Following our multivariate linear regression analysis of the PISA 2022 dataset, a residual analysis is conducted to assess the performance of our model. This analysis helps in understanding the discrepancies between the observed values and the predictions provided by the model, crucial for identifying potential model improvements.

### Overview of Residuals

Residuals, the differences between the observed and predicted values, serve as a diagnostic measure to evaluate the accuracy of a regression model. By plotting these residuals against the predicted values, we can visually inspect the variance and patterns that may indicate issues such as heteroscedasticity or non-linearity.

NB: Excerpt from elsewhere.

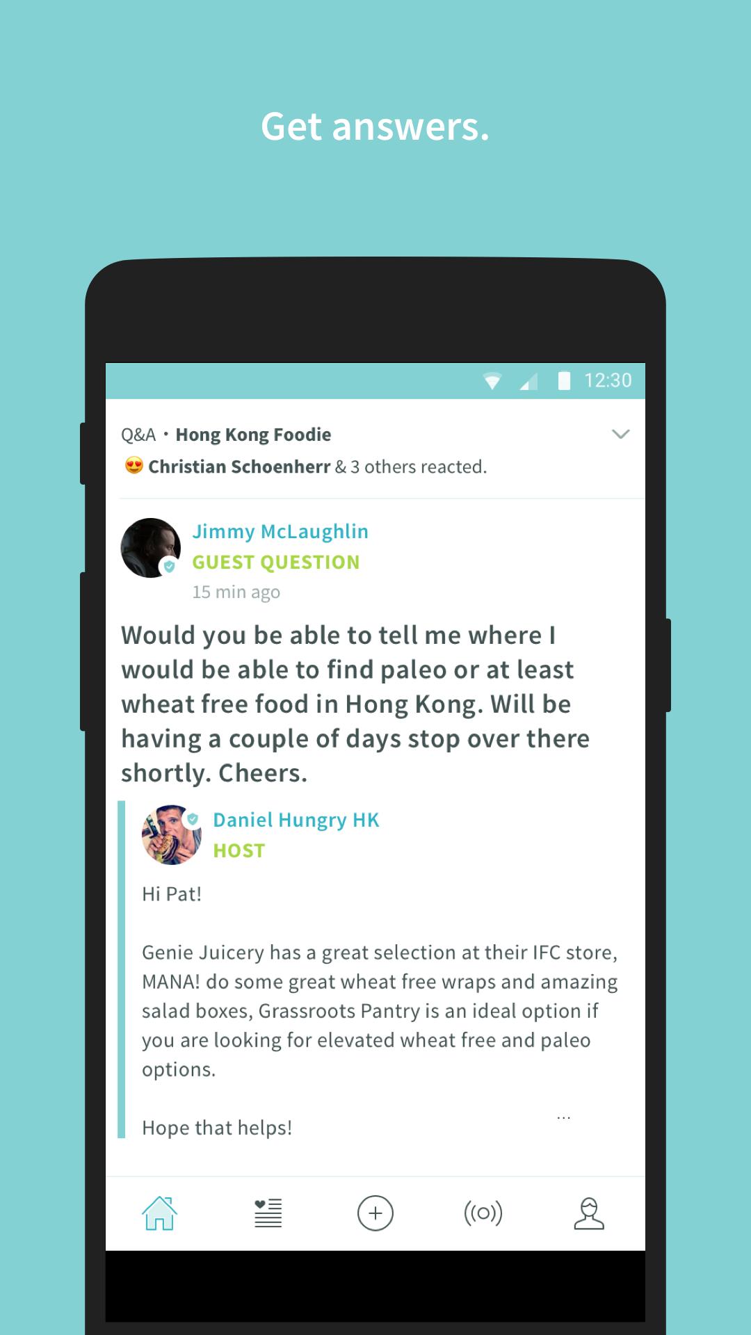 A: Get insider tips, direct from the locals. Your Pepo feed presents a stream of tips and experiences we think you might like based on the people you follow, channels you join, and topics you are interested in.

### Residual Plot Construction

- **Objective**: To create a visual representation of the residuals to evaluate the fit of our linear regression model and to identify any systematic errors.
- **Procedure**:
  - **Calculation of Residuals**: Residuals are computed as the difference between the test set outcomes (`y_test`) and the predicted values (`y_pred`). This subtraction yields a series of residuals indicating the error in prediction for each observation.
  - **Visualization**: The residuals are plotted against the predicted values to visually assess the spread and distribution. An ideal residual plot shows a random dispersion of residuals around the horizontal line at zero, indicating that the model's predictions are unbiased across the range of data.
  
### Plot Features and Interpretation

- **Horizontal Zero Line**: A red dashed horizontal line at y=0 is included in the plot to act as a baseline, making it easier to identify residuals that deviate significantly from zero.
- **Scatter Plot**: Each residual is plotted as a point relative to its predicted value. This scatter helps in identifying patterns such as funnel-shaped plots (indicative of heteroscedasticity) or clear trends that suggest non-linear relationships not captured by the model.

### Analytical Benefits

- **Identification of Outliers**: Large residuals far from the zero line indicate outliers in data that the model fails to accurately predict.
- **Assessment of Homoscedasticity**: The spread of residuals should be uniform across all levels of predicted values; any systematic change in spread suggests heteroscedasticity, prompting a need for transformations or different modeling approaches.
- **Model Diagnostics**: A lack of pattern or trend in the residual plot supports the suitability of the linear model for the data. Conversely, any pattern may indicate model misspecification or the presence of influential variables not included in the model.